O profano total não pratica a ética,
nem por impulso interno nem por compulsão externa, porque é um analfabeto
absoluto nos domínios do universo espiritual.
O homem semi-profano e semi-espiritual
– quer dizer, o homem de boa vontade, mas ainda sem experiência pessoal de Deus
– pratica ou procura praticar os preceitos éticos com o constante esforço de um
herói que, dia a dia, hora por hora, vive a lutar contra a gravitação do seu Eu
inferior; esse homem é moralmente bom, embora não seja espiritualmente
perfeito. A imensa maioria dos homens bons do presente século pertence a
este grupo. São eles os autores da filosofia popular de que
“todo o mal é fácil e todo o bem é difícil”, filosofia, certamente exata,
quando considerada à luz da nossa evolução atual.
Entretanto, é fora
de dúvida que não é nem pode
ser este o estado final e definitivo da
humanidade. O destino do homem não é ser sacrificialmente bom,
mas sim jubilosamente bom, e, portanto, bom e feliz,
como são todos os seres que já atingiram o “céu”, por terem feito o centro do
seu pequeno Eu humano coincidir perfeitamente com o centro do grande Tu divino;
todos eles sabem de ciência própria que essa concentricidade do querer da
criatura e do querer do Creador não só faz o homem absolutamente bom,
senão também integralmente feliz. De fato, o ser-bom em
toda a sua plenitude e maturidade é idêntico ao ser-feliz em toda a sua extensão e intensidade. Todo
ser integralmente bom é necessariamente um ser totalmente feliz, uma vez
que a nossa felicidade não é outra coisa senão a
perfeita harmonia, com as leis eternas, do nosso ser humano,
leis essas essencialmente idênticas às leis que regem o universo.
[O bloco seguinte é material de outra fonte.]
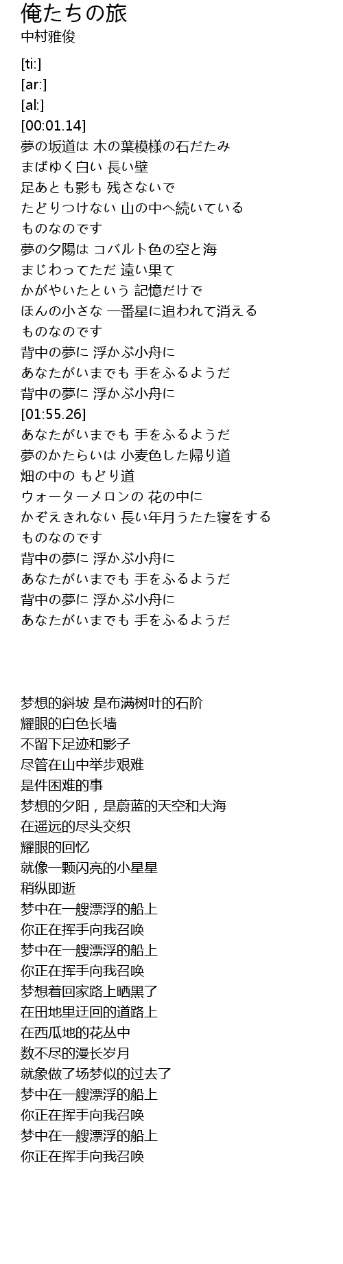 | [01:35.19] | 背中の夢に 浮かぶ小舟に |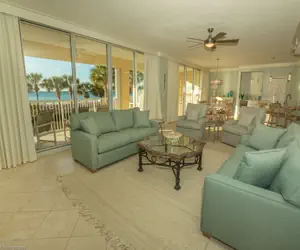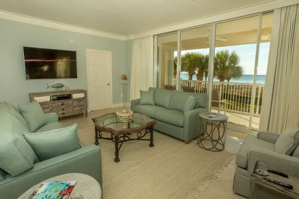 As perfect and spacious as this condo is inside, we still haven’t mentioned the best part of all: the balcony. The massive balcony has retractable shutters, two ceiling fans, and five plush outdoor chairs. From this balcony you are granted a one hundred eighty degree panoramic view of Destin’s beach, Oceania’s pool, and the Gulf of Mexico. You are so close to the water you can taste the salt in the air.

Estar em
harmonia com Deus é estar em harmonia com o Eu e com o Cosmos
– e é precisamente nesta perfeita sintonização ou
harmonia que consiste a nossa felicidade. Sendo que Deus é a íntima essência do
meu ser humano e do ser do cosmos, é evidente que a harmonia com Deus implica
necessariamente a harmonia comigo mesmo e com o mundo de Deus. Se assim não fosse, o mundo de Deus não seria um cosmos de ordem e harmonia, mas sim um caos de
desordem e desarmonia.
Nesse plano final da evolução, o
imperativo categórico do dever é absorvido pelo
optativo volitivo do querer. A lei é integrada no amor. A
ética é sublimada em mística. Esse homem ama a lei, gosta de fazer o que deve,
saboreia como suprema liberdade aquilo que aos outros amarga como escravidão da
lei. Esse homem cumpre a mesma lei que os outros cumprem (ou não cumprem), mas cumpre-a de outro modo, cumpre-a livre e espontaneamente, quando outros a
cumprem por entre queixumes e gemidos.
A verdadeira e
definitiva redenção do homem vem do amor à
lei, amor esse que supõe, naturalmente, a perfeita compreensão da alma da
lei.
O corpo da lei é amargo – a alma da lei
é suave.
O profano odeia a lei.
O homem meramente ético tolera a lei.
O homem espiritual ama a lei.
Para o primeiro, a lei é a grande
inimiga.
Para o segundo, é uma soberana
exigente.
Para o terceiro, é amiga querida.
O que não se faz com espontâneo amor,
prazer e entusiasmo, não tem sólida garantia de perfeição e perpetuidade. Se o
homem comesse, bebesse e dormisse só por ser de sua estrita obrigação ética, já
não existiria homem vivo sobre a face da terra; se o homem, e em geral os seres
orgânicos, praticassem atos sexuais com fins de procriação apenas compelidos
pelo inexorável imperativo do dever, já não haveria vestígio de vida orgânica
no planeta Terra. Mas, como as necessidades básicas do indivíduo e da espécie
estão invariavelmente ligadas ao prazer, ou seja, a uma espécie de “felicidade”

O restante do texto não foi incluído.